26 KiB
flakestorm Module Documentation
This document provides a comprehensive explanation of each module in the flakestorm codebase, what it does, how it works, and analysis of its design decisions.
Table of Contents
- Architecture Overview
- Core Modules
- Mutation Modules
- Assertion Modules
- Reporting Modules
- CLI Module
- Rust Performance Module
- Design Analysis
Architecture Overview
flakestorm/
├── core/ # Core orchestration logic
│ ├── config.py # Configuration (V1 + V2: chaos, contract, replays, scoring)
│ ├── protocol.py # Agent adapters, create_instrumented_adapter (chaos interceptor)

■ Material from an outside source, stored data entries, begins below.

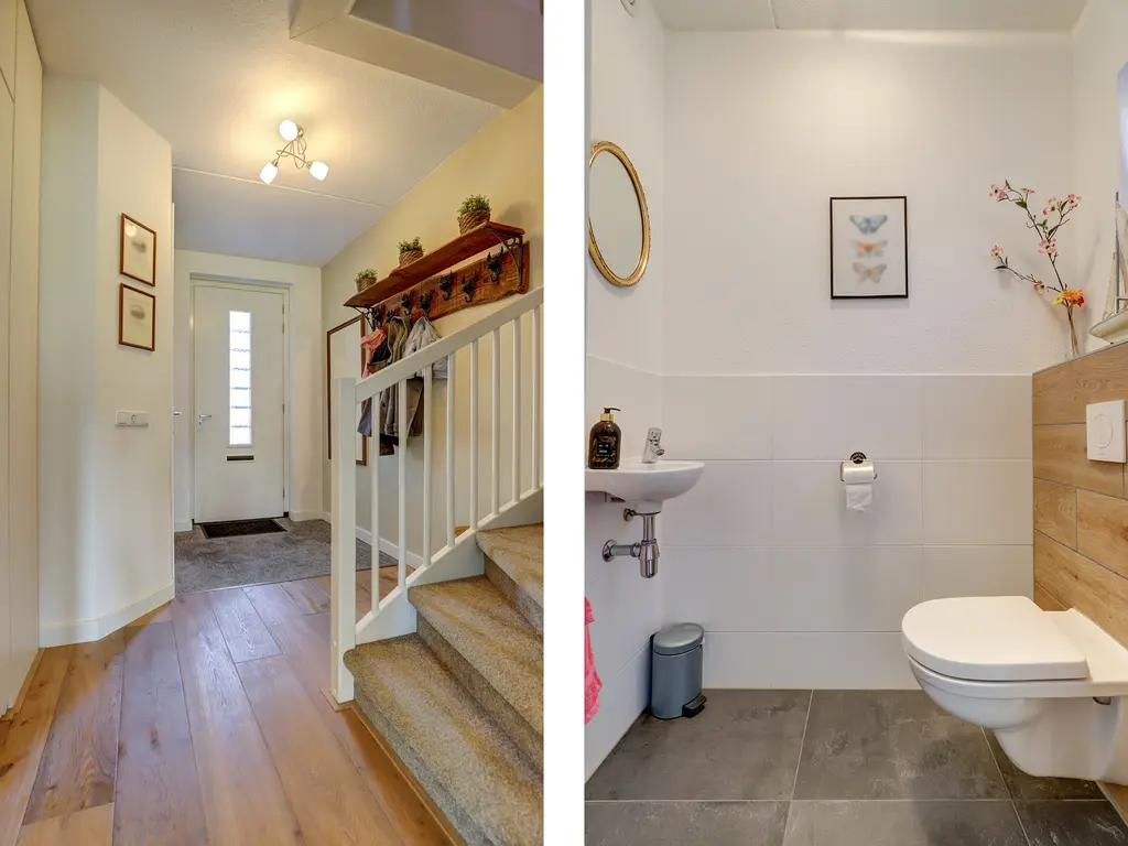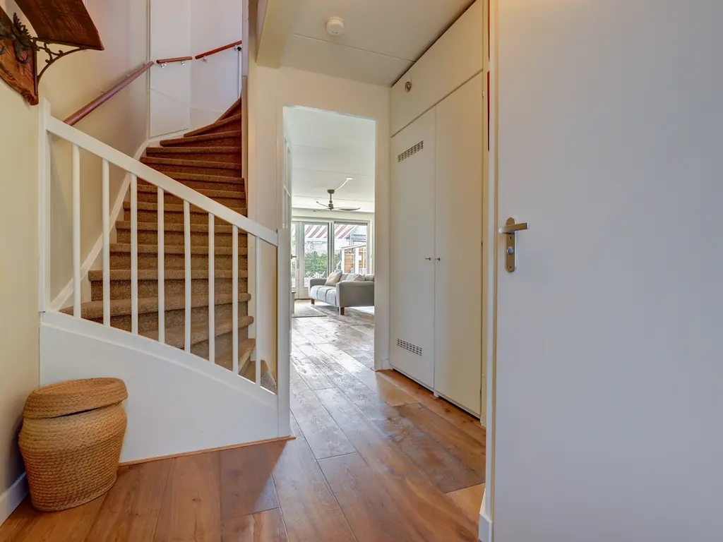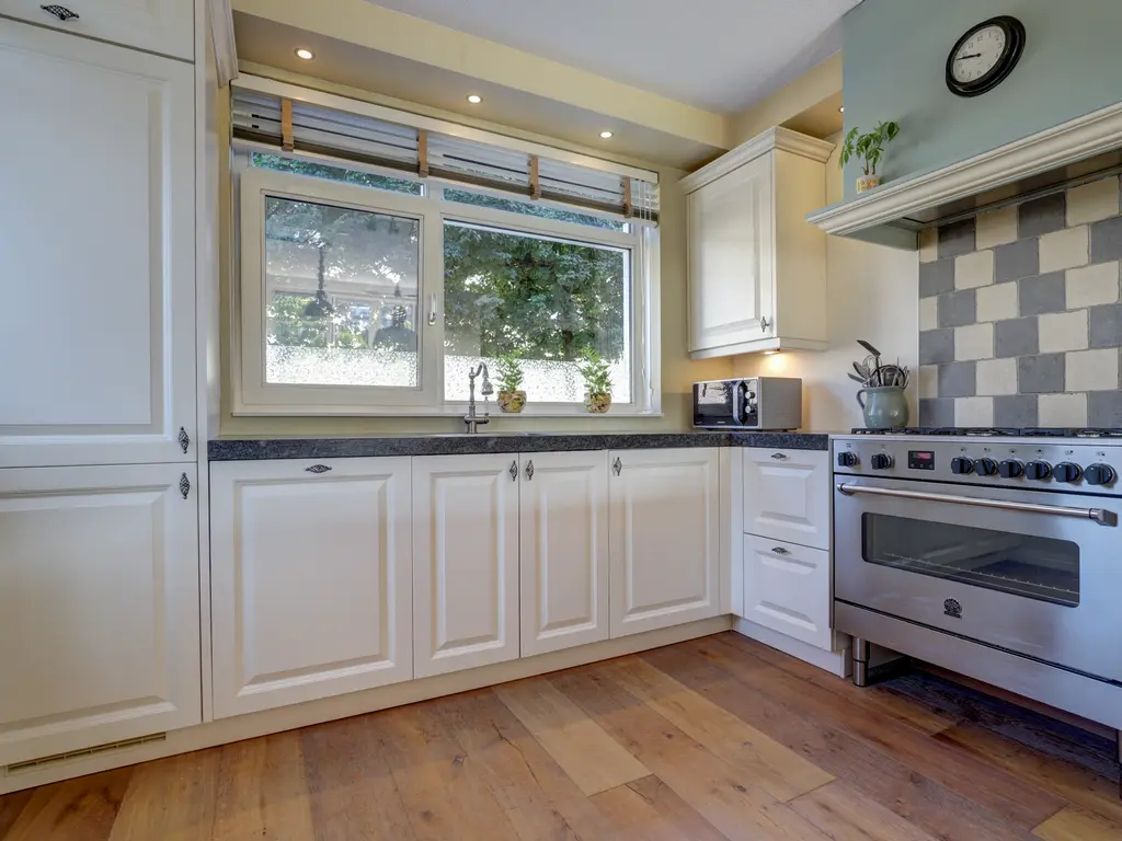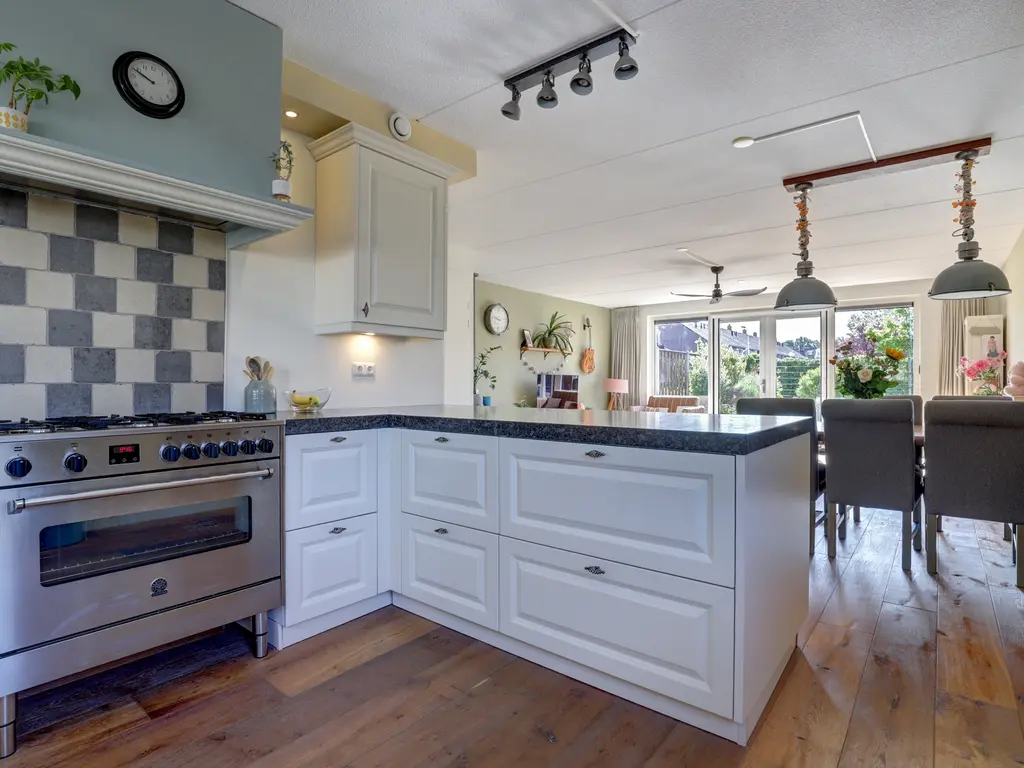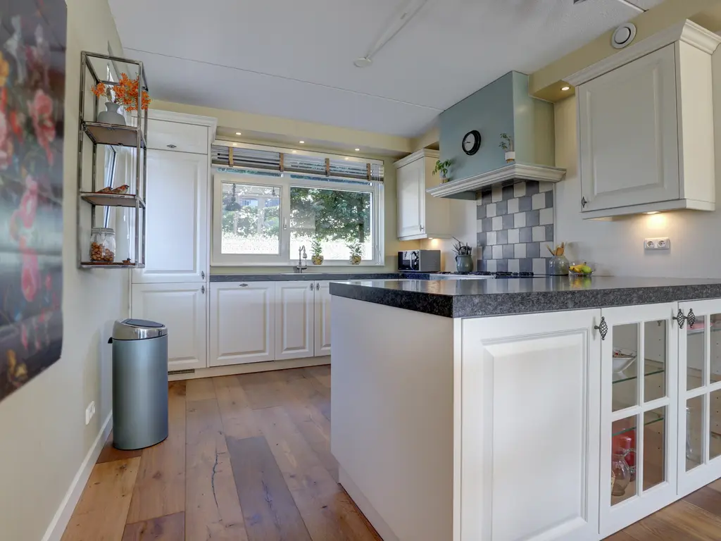 Ruime entree/hal met een warme eikenhouten vloer en strak afgewerkte wanden. Keurig betegelde toiletruimte. Gezellige woonkamer met een uitbouw, eiken vloer, vloerverwarming én een sfeervolle open haard. Luxe open keuken (2017) met inbouwapparatuur zoals een gasfornuis met oven, koel-vriescombinatie, vaatwasser en afzuigkap – ideaal voor kookliefhebbers.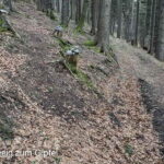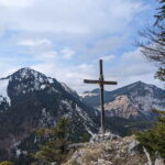 Hier beginnt der Aufstieg zum Schortenkopf. Es gibt weder Markierungen noch einen Wegweiser. Links vor dem Gatter führt ein breiter, oft matschiger Karrenweg mit tiefen Furchen bergauf. Auf diesem steigen wir ca. 340 Meter empor. Dann zweigt rechts ein schmaler Weg ab. Auch hier gibt es keine Markierung, aber mehrere kleine Steinmänner (siehe Bild “Abzweigung Steig zum Gipfel”). Der Steig, immer wieder durch Steinmännchen markiert, verläuft direkt dem Gipfel entgegen. Kurz vor dem höchsten Punkt wenden wir nach rechts und stehen plötzlich vor dem Gipfelkreuz. Vorsicht, hier geht es steil nach unten!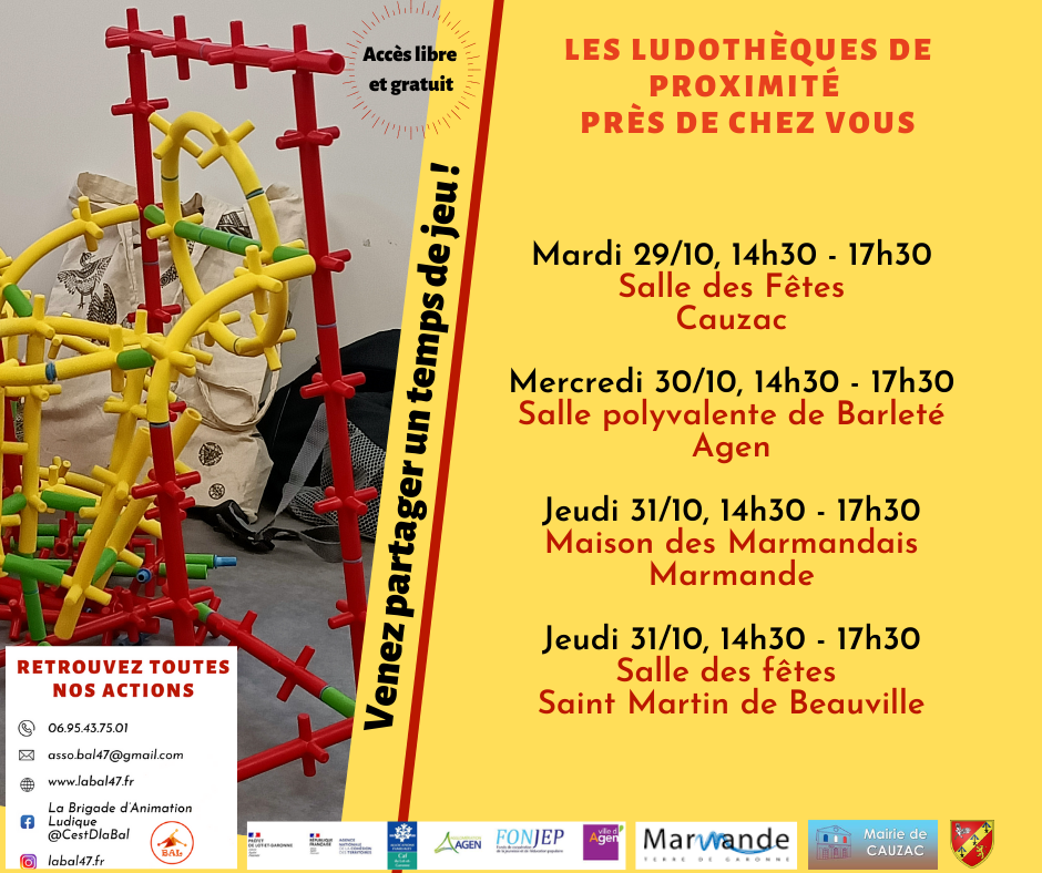 La ludothèque itinérante La BAL (La Brigade d’Animation Ludique) propose des ludothèques de proximité durant les vacances d’octobre.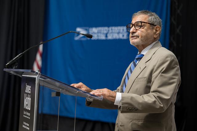 United States Postal Service Vice Chairman, Board of Governors, Anton Hajjar, provides remarks at the first-day-of-issue event for the United States Postal Service’s new stamp celebrating NASA’s James Webb Space Telescope (JWST) on Thursday, Sept. 8, 2022, at the Smithsonian’s National Postal Museum in Washington. The stamp, which features an illustration of the observatory, honors Webb’s mission to explore the unknown in our universe – solving mysteries in our solar system, looking beyond to distant worlds around other stars, and probing the structures and origins of our universe and our place in it. Photo Credit: (NASA/Aubrey Gemignani)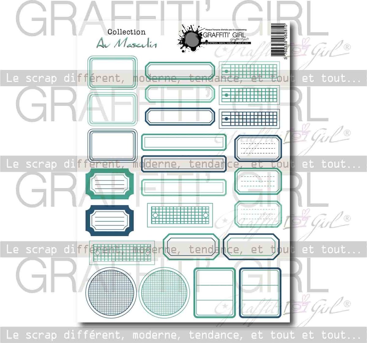 Planche d’étiquettes assortis à la collection «Au masculin» – Graffiti Girl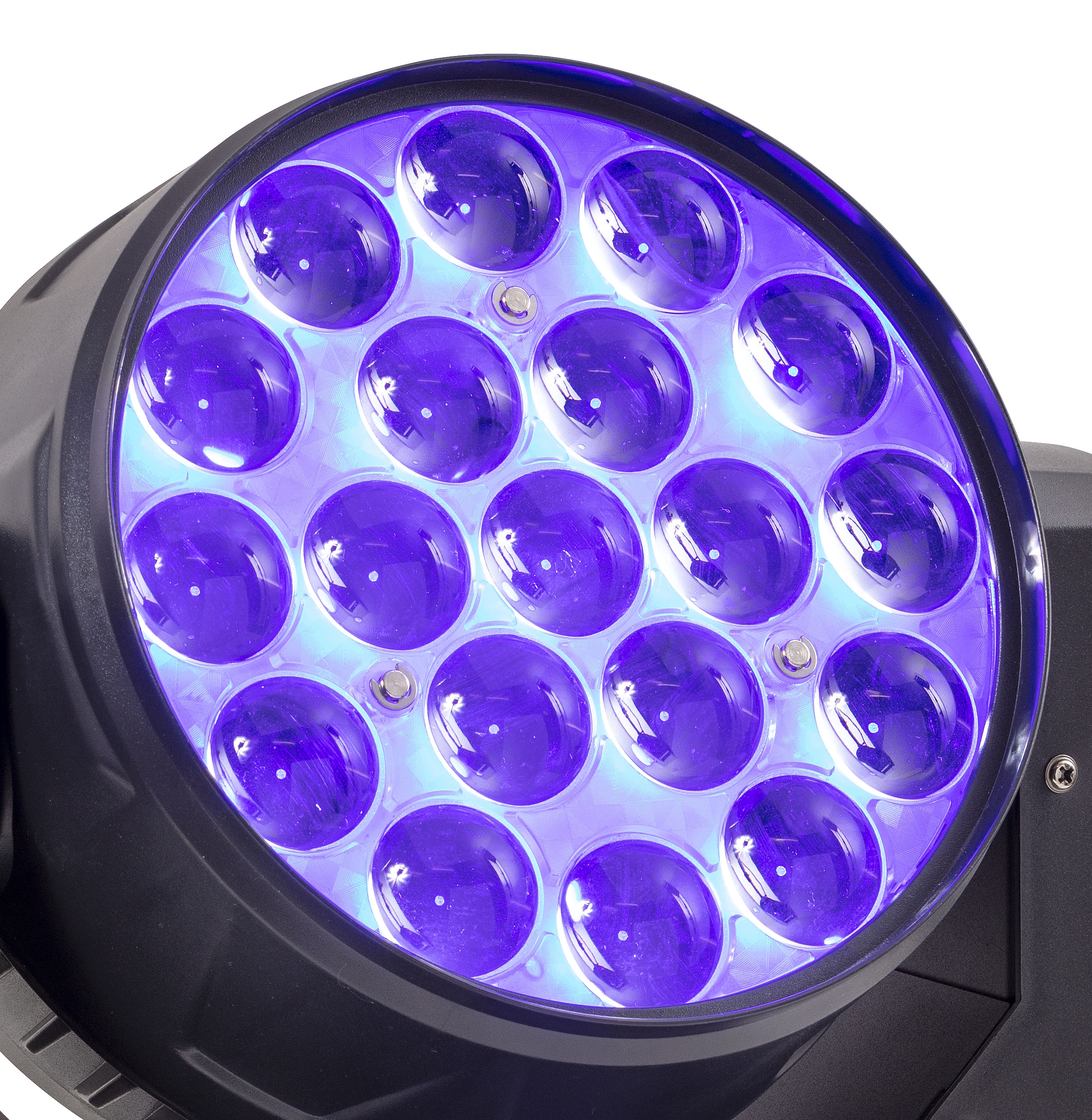The THESIS series offers a wash-light moving head with, 19 powerful and reliable 15W RGBW LEDs. They represent a valid alternative to normal discharge lamps with all the benefits of LED technology: low consumption, longer life, lower temperature dissipation. The light beam ranges from 10° to 60°, thanks to the ZOOM function controlled by high quality motors, which give an extremely soft and silent adjustment.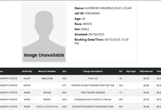 唐人日报4月17日讯:上周,非法移民胡里奥·塞萨尔·格雷罗·拉米雷斯(Julio Cesar Guerrero Ramirez)因涉嫌一级谋杀罪在福遍县被捕。目前,他已被移交美国移民与海关执法局(ICE)羁押,等待进一步移民程序处理。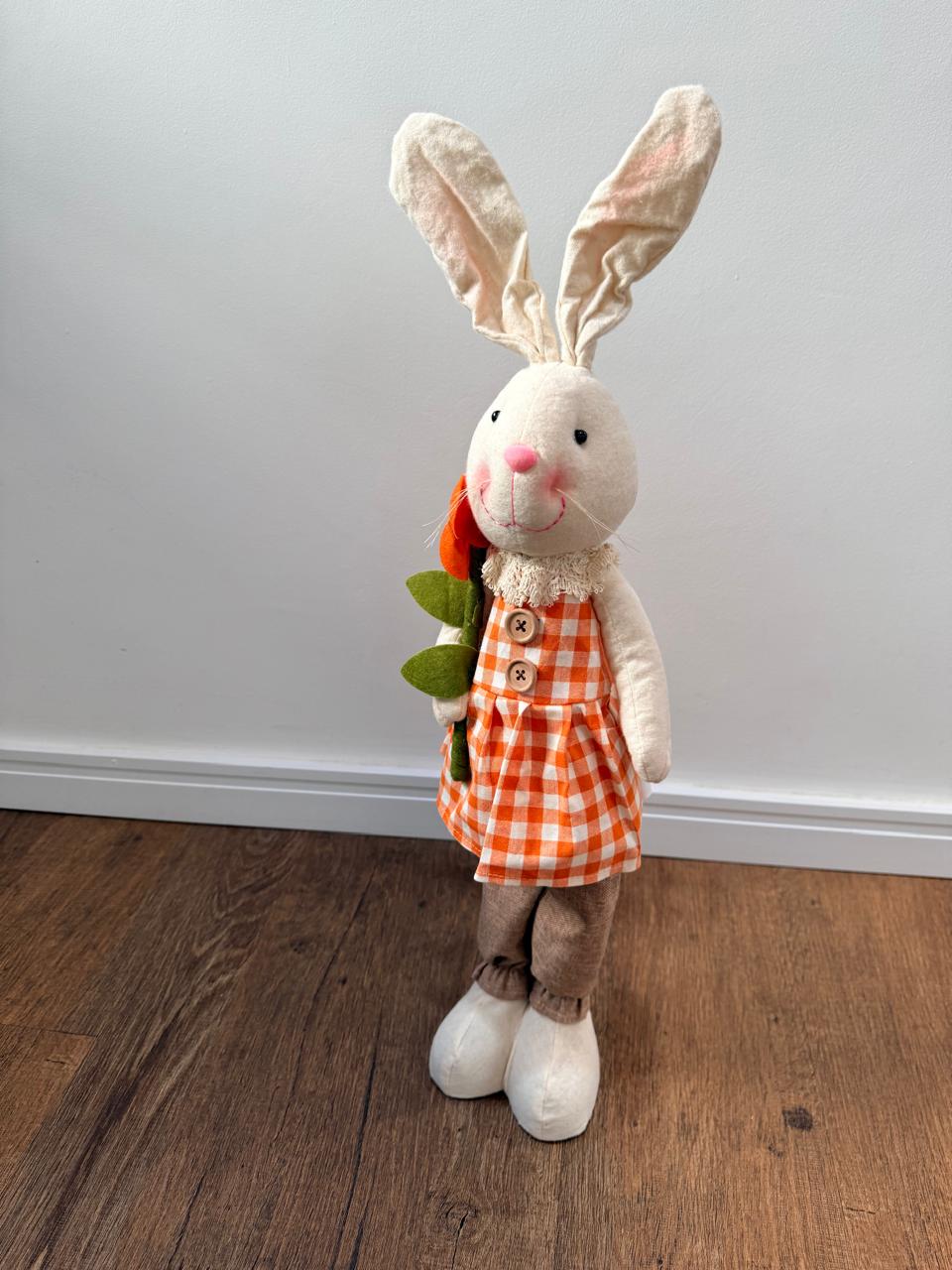 Coelho tecido em pé roupa xadrez laranja com 60cm de altura.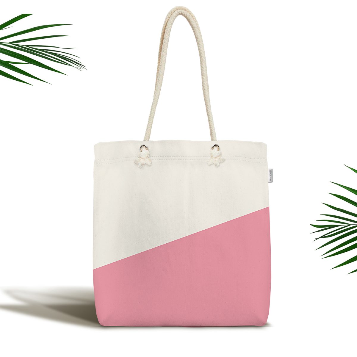 Krem & Pembe Düz Renkli Dijital Baskılı Dekoratif Fermuarlı Kumaş Plaj Çantası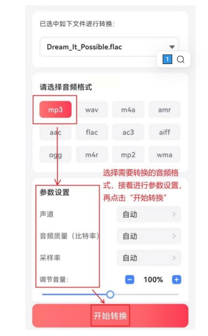 3. 选择文件后,进入输出设置页,在格式列表中选择“MP3”。部分应用允许自定义比特率等参数,您可根据需要调整,或直接使用推荐配置。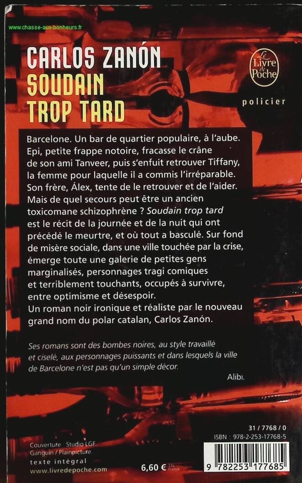 Titre : Soudain trop tard - Carlos Zanon - livre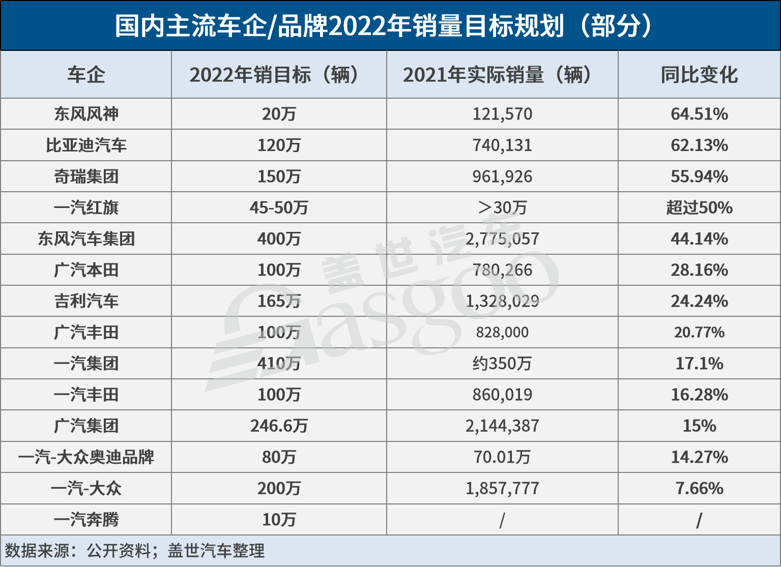 奇瑞、广汽等多车企未达成2021年销目标,但2022年仍欲集体大跨步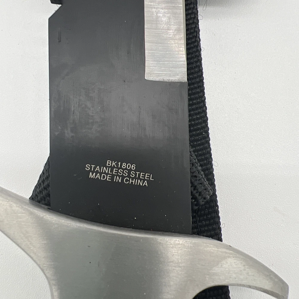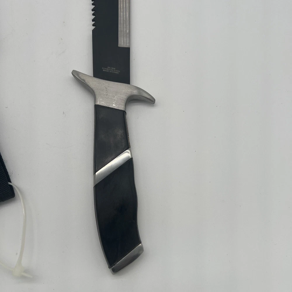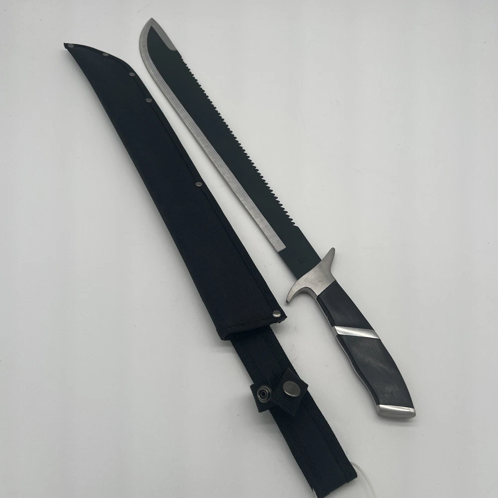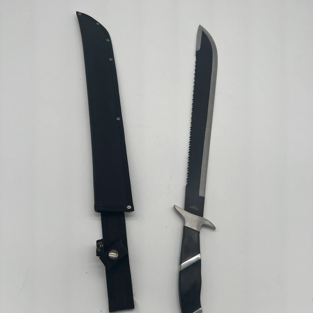 This 23" hunting/survival knife features a 17" black stainless steel blade with a combination edge, perfect for both hunting and survival situations. The handle is made of durable black plastic and comes with a convenient sheath for easy storage and transport. This knife is a must-have for any outdoor enthusiast or collector of modern fixed blade knives. It is manufactured in China and is a great addition to any collection of knives, swords, and blades.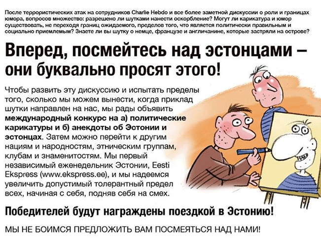14.05.2015 - 13:15 Газета Eesti Ekspress объявила всемирный конкурс анекдотов и карикатур об эстонцах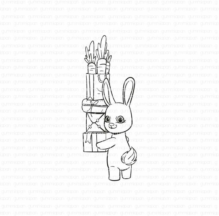 Konijn met pakket is een stempel van Gummiapan. Deze rubberen stempel is unmounted en heeft een afmeting van ongeveer 36x95 mm. Deze stempels zijn heel leuk te gebruiken in een art journal of als hoofd afbeelding op een kaartje.

│ ├── orchestrator.py # Main test coordination
│ ├── runner.py # High-level test runner
│ └── performance.py # Rust/Python bridge
├── chaos/ # V2 environment chaos
│ ├── context_attacks.py # memory_poisoning (input before invoke), indirect_injection, normalize_context_attacks
│ ├── interceptor.py # ChaosInterceptor: memory_poisoning + LLM faults (timeout before call, others after)
│ ├── faults.py # should_trigger, tool/LLM fault application
│ ├── llm_proxy.py # apply_llm_fault (truncated, empty, garbage, rate_limit, response_drift)
│ └── profiles/ # Built-in chaos profiles
├── contracts/ # V2 behavioral contracts
│ ├── engine.py # ContractEngine: (invariant × scenario) cells, reset, probes, behavior_unchanged
│ └── matrix.py # ResilienceMatrix
├── replay/ # V2 replay regression
│ ├── loader.py # Load replay sessions (file or inline)
│ └── runner.py # Replay execution
├── mutations/ # Adversarial input generation (22+ types, max 50/run OSS)
│ ├── types.py # MutationType enum
│ ├── templates.py # LLM prompt templates
│ └── engine.py # Mutation generation engine
├── assertions/ # Response validation
│ ├── deterministic.py # Rule-based assertions
│ ├── semantic.py # AI-based assertions
│ ├── safety.py # Security assertions
│ └── verifier.py # InvariantVerifier (all invariant types including behavior_unchanged)
├── reports/ # Output generation
│ ├── models.py # Report data models
│ ├── html.py # HTML report generator
│ ├── json_export.py # JSON export
│ └── terminal.py # Terminal output
├── cli/ # Command-line interface
│ └── main.py # flakestorm run, contract run, replay run, ci
└── integrations/ # External integrations
├── huggingface.py # HuggingFace model support
└── embeddings.py # Local embeddings
Core Modules
config.py - Configuration Management
Location: src/flakestorm/core/config.py
Purpose: Handles loading, validating, and providing type-safe access to the flakestorm.yaml configuration file.
Key Components:
class AgentConfig(BaseModel):
"""Configuration for connecting to the target agent."""
endpoint: str # Agent URL or Python module path
type: AgentType # http, python, or langchain
timeout: int = 30000 # Request timeout (ms)
headers: dict = {} # HTTP headers
request_template: str # How to format requests
response_path: str # JSONPath to extract response
# V2: state isolation for contract matrix
reset_endpoint: str | None # HTTP POST URL called before each cell
reset_function: str | None # Python path e.g. myagent:reset_state
class FlakeStormConfig(BaseModel):
"""Root configuration model."""
version: str = "1.0" # 1.0 | 2.0
agent: AgentConfig
golden_prompts: list[str]
mutations: MutationConfig # count max 50 in OSS; 22+ mutation types
model: ModelConfig # api_key env-only in V2
invariants: list[InvariantConfig]
output: OutputConfig
advanced: AdvancedConfig
# V2 optional
chaos: ChaosConfig | None # tool_faults, llm_faults, context_attacks (list or dict)
contract: ContractConfig | None # invariants + chaos_matrix (scenarios can have context_attacks)
chaos_matrix: list[ChaosScenarioConfig] | None # when not using contract.chaos_matrix
replays: ReplayConfig | None # sessions (file or inline), sources (LangSmith)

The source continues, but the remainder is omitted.